We acknowledge that this method involves a degree of subjectivity, but we minimized variability by applying the same ROI size and location to each sample lane, and by performing the quantification in a blinded manner with respect to sample identity. We have now clarified this procedure in the Methods section (2.9. Detection of Lipoproteins and Densitometric Quantification) as follows:
“For quantification of LDL smear intensity, a fixed rectangular ROI was manually drawn over the smeared LDL region based on visual inspection, and the integrated density within the ROI was measured using Fiji (ImageJ2, Ver. 2.9.0). The same ROI size and position were applied across samples.”
Comments 2:
In figure 2, the standard curve was derived using LDL and signal intensity. The standard curve is non-linear. Is there any effort to linearize the standard curve? Or the standard curve is considered linear when the serum loading is low enough? Please describe in more detail. What is the equation applied in real clinical samples?
Our Response 2:
Thank you for your valuable comment.
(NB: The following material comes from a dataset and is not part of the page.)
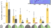 Data retrieved in the ARAs, IRMS data of vertical sections and inhibition experiments as well as NanoSIMS data were analyzed for significant differences using Student’s t-test or analysis of variance (ANOVA) with an alpha error of 0.05 and the Tukey–Kramer honestly significant difference as a multiple means comparison test (JMP Version 7, SAS Institute Inc., Cary, NC, USA). Normal distribution was tested with the Shapiro–Wilk W-test, and in cases where the data did not meet the standard of homogeneity of variance, the Welch ANOVA was used to confirm the initial result. As 15N enrichment levels were very low in Deltaproteobacteria measured by NanoSIMS, the natural abundance values for Deltaproteobacteria were used to test for significant enrichment based on a 95% confidence interval.

As shown in Figure 2B, the standard curve between LDL amount and signal intensity was fitted using a non-linear regression model (One phase decay) in GraphPad Prism ver.5. The equation used for the fitting was:
Y = (Yâ‚€ − Plateau) × exp(−k × X) + Plateau
where Y is the signal intensity and X is the LDL amount. The fit was performed using ordinary least squares, and the resulting R² value was approximately 0.96-0.98, indicating a good fit.
This equation was also used to interpolate the LDL amounts in unknown serum samples using the “Interpolate unknowns from standard curve” function in the same Prism file. We did not apply any additional transformation (e.g., linearization) since the non-linear model captured the relationship well across the measured range.
We have added this information to the Materials and Methods section (page 12, lines 159–163).
“The standard curve for LDL quantification was constructed in GraphPad Prism (ver.5) using a non-linear regression model. The curve was fitted by the least squares (ordinary) method, and the goodness of fit (R²) was approximately 0.96-0.98. This equation was also applied to calculate LDL amounts in serum samples using the “Interpolate unknowns from standard curve” function in the same Prism file.”
Comments 3:
In addition, does the quantification method described fit well in simpler samples or even a pure LDL samples with know concentration?
Our Response 3:
We appreciate the reviewer's question regarding whether our quantification method is applicable to simpler or purified LDL samples.
While we have applied the HI-PAGE method to analyze commercially available LDL and ultracentrifugation-purified LDL samples—as shown in Figure 1—we did not generate the standard curve using these purified LDL samples. Instead, the standard curve was constructed from serial dilutions of standard test serum with estimated LDL contents, allowing us to interpolate unknown LDL values from test samples using Prism software.
That said, the clear banding patterns observed with purified LDL support the idea that our quantification method is fundamentally applicable to simpler systems as well. However, our focus in this study was on assessing LDL quantities in complex biological samples such as serum.